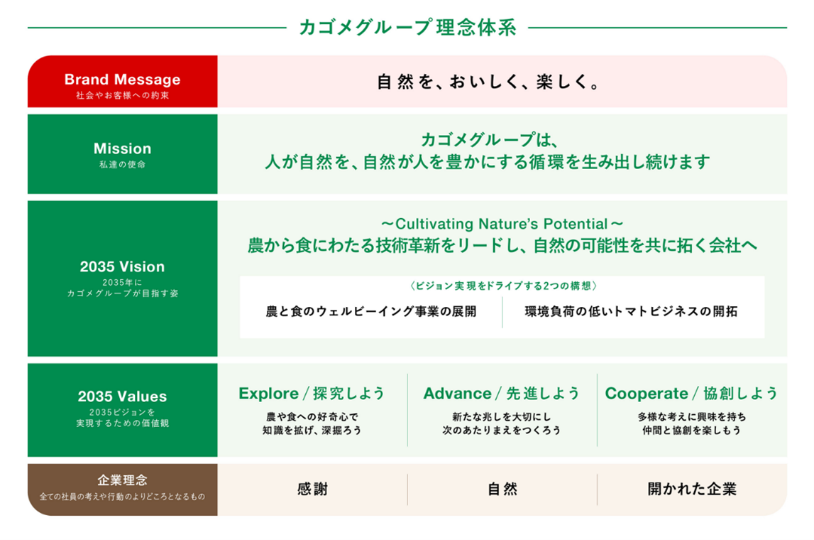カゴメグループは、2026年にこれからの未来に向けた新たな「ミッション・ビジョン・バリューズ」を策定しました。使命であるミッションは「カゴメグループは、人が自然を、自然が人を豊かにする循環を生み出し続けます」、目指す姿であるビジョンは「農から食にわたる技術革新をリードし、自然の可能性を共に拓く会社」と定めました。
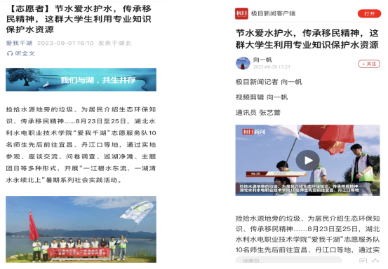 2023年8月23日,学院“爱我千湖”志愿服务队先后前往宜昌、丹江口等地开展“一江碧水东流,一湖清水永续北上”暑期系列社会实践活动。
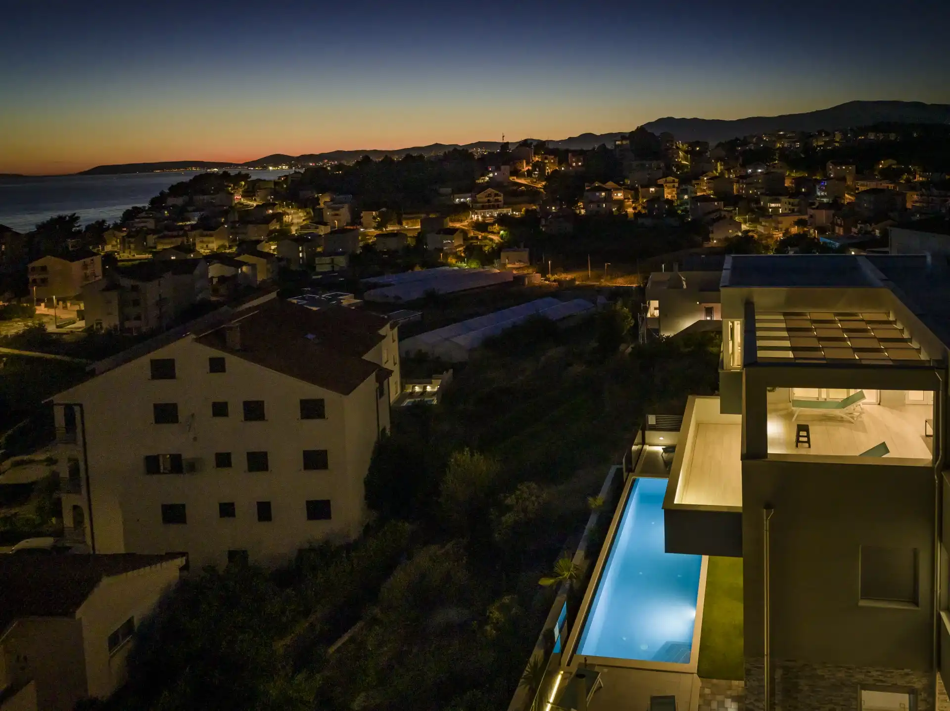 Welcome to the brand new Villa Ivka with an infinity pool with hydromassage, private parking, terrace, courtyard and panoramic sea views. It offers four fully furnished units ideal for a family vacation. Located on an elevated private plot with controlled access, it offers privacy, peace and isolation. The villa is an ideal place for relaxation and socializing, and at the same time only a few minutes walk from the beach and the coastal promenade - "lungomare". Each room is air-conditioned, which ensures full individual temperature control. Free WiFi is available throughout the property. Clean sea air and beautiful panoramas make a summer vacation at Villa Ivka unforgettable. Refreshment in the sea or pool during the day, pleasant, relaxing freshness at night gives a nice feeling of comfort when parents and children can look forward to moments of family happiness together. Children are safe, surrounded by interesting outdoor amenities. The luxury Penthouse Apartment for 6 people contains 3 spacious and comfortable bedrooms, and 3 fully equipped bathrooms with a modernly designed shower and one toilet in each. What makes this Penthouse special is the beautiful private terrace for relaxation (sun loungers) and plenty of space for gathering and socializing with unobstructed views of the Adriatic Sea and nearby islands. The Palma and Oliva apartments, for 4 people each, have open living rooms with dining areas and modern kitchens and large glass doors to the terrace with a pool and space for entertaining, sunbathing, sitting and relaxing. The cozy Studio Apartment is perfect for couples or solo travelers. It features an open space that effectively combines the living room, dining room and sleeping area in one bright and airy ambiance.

○ ○ ○ ○ ○ ○ ○

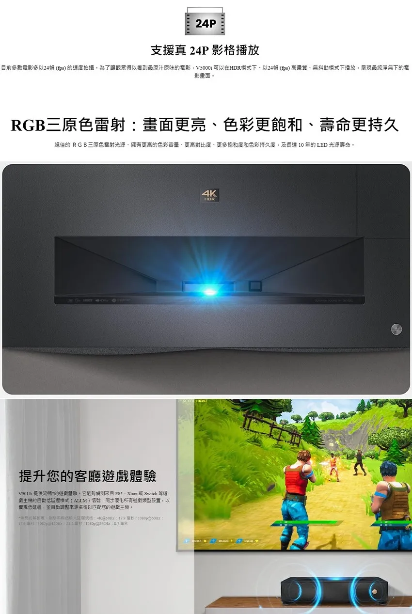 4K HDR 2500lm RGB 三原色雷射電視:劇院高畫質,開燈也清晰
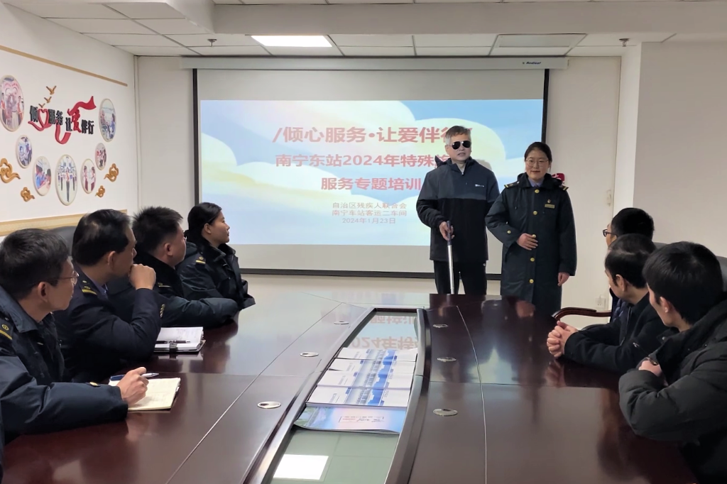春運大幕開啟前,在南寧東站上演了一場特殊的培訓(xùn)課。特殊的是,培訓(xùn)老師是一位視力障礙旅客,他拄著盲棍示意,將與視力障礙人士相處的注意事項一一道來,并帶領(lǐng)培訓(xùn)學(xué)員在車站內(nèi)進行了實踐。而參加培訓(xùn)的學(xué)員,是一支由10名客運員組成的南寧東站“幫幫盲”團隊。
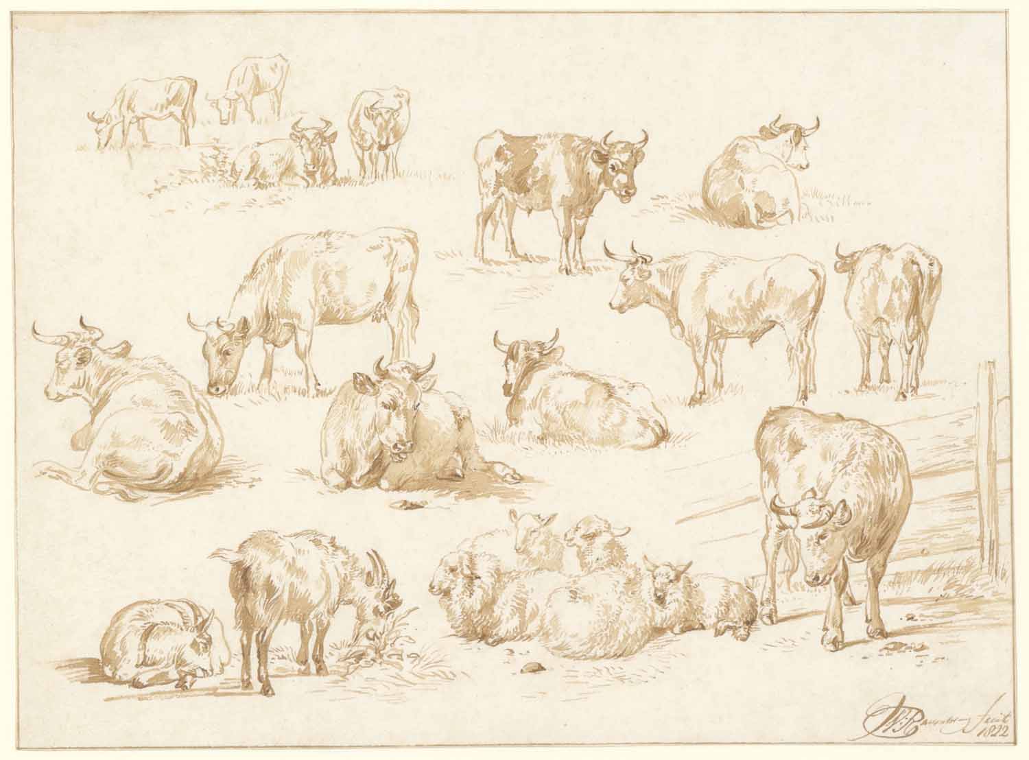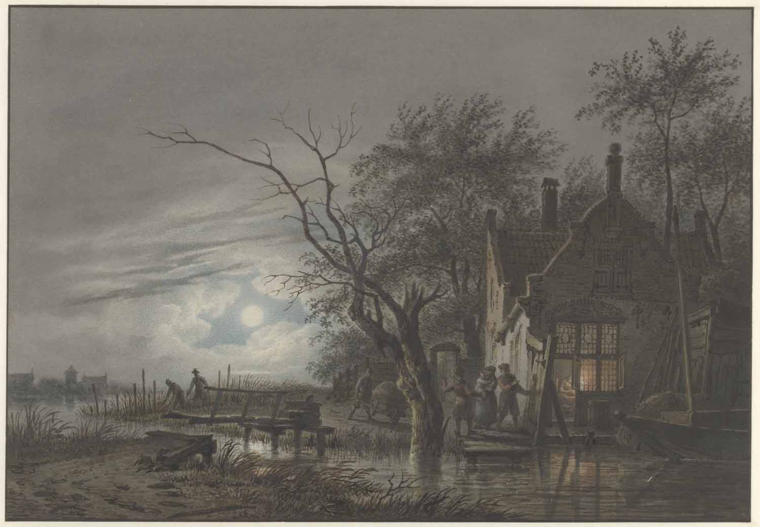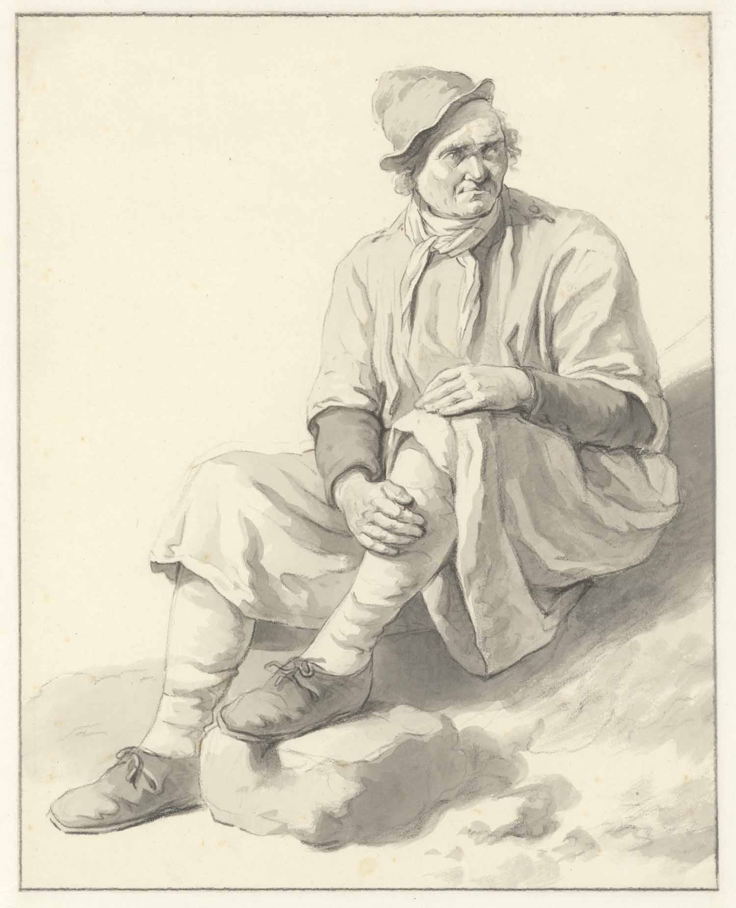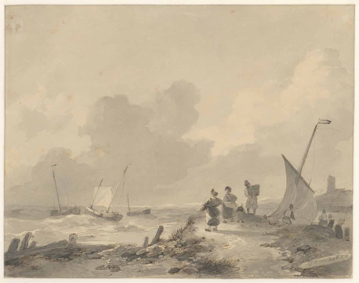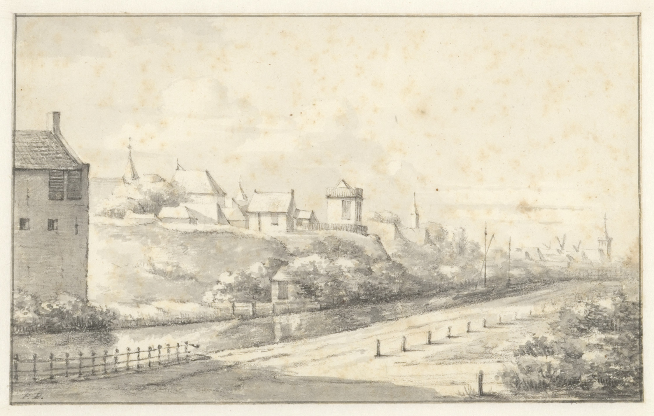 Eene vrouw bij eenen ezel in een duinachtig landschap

○ ○ ○ ○ ○ ○ ○

Your reply is to be an exact repeat of the listing above from the line holding "4K HDR 2500lm RGB 三原色雷射電視:劇院高畫質,開燈也清晰" down to the line holding "Eene vrouw bij", ends included, pictures excluded.

 4K HDR 2500lm RGB 三原色雷射電視:劇院高畫質,開燈也清晰
春運大幕開啟前,在南寧東站上演了一場特殊的培訓(xùn)課。特殊的是,培訓(xùn)老師是一位視力障礙旅客,他拄著盲棍示意,將與視力障礙人士相處的注意事項一一道來,并帶領(lǐng)培訓(xùn)學(xué)員在車站內(nèi)進行了實踐。而參加培訓(xùn)的學(xué)員,是一支由10名客運員組成的南寧東站“幫幫盲”團隊。
 Eene vrouw bij eenen ezel in een duinachtig landschap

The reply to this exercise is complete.